Dolce&Gabbana fiasco shows importance, risks of China market
By KEN MORITSUGU and COLLEEN BARRY
Monday, November 26
BEIJING (AP) — Don’t mess with China and its growing cadre of powerful luxury consumers.
Dolce&Gabbana learned that lesson the hard way when it faced a boycott after Chinese expressed outrage over what were seen as culturally insensitive videos promoting a major runway show in Shanghai and subsequent posts of insulting comments in a private Instagram chat.
The company blamed hackers for the anti-Chinese insults, but the explanation felt flat to many and the damage was done. The Milan designers canceled the Shanghai runway show, meant as a tribute to China, as their guest list of Asian celebrities quickly joined the protests.
Then, as retailers pulled their merchandise from shelves and powerful e-commerce sites deleted their wares, co-founders Domenico Dolce and Stefano Gabbana went on camera — dwarfed against the larger backdrop of an ornate red wall-covering — to apologize to the Chinese people.
“We will never forget this experience, and it will definitely never happen again,” a solemn-looking Gabbana said in a video statement posted Friday on social media.
The apology video , and the sharp public backlash that demanded it, shows the importance of the Chinese market and the risks of operating in it. More broadly, it highlights the huge and still-growing influence of China, a country that cannot be ignored as it expands economically, militarily and diplomatically.
These trends are intertwined in frequent outbursts of nationalist sentiment among consumers who feel slighted by foreign brands or their governments. It’s not the first time a company has apologized, and it surely won’t be the last. Mercedes-Benz did so in February for featuring a quote by the Dalai Lama on its Instagram account.
For Dolce&Gabbana, it could be mark the end of its growth in China, a crucial market for global luxury brands that it has cultivated since opening its first store in 2005 and where it now has 44 boutiques.
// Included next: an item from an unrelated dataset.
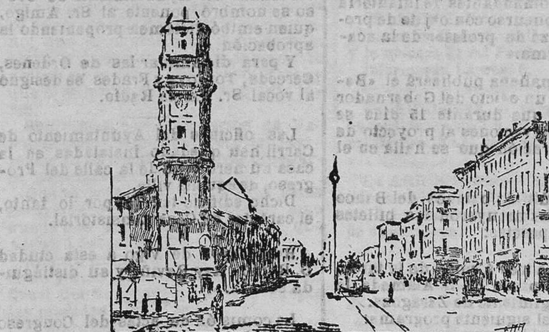
LA PERSPECTIVA NEWSKY.—A la izquierda la casa de la municipalidad.

El periódico ABC explica en los términos siguientes la forma que pue-

“I think it is going to be impossible over the next couple of years for them to work in China,” said Cary Cooper, a professor of organizational psychology and health at Manchester University in England. “When you break this kind of cultural codes, then you are in trouble. The brand is now damaged in China, and I think it will be damaged in China until there is lost memory about it.”
London-based Brand Finance consultancy estimates that the scandal could wipe up to 20 percent off the Dolce&Gabbana brand’s value of $937 million, which already places it out of the top 50 global apparel brands. They are 36th among all Italian brands, extending to sectors like automotive.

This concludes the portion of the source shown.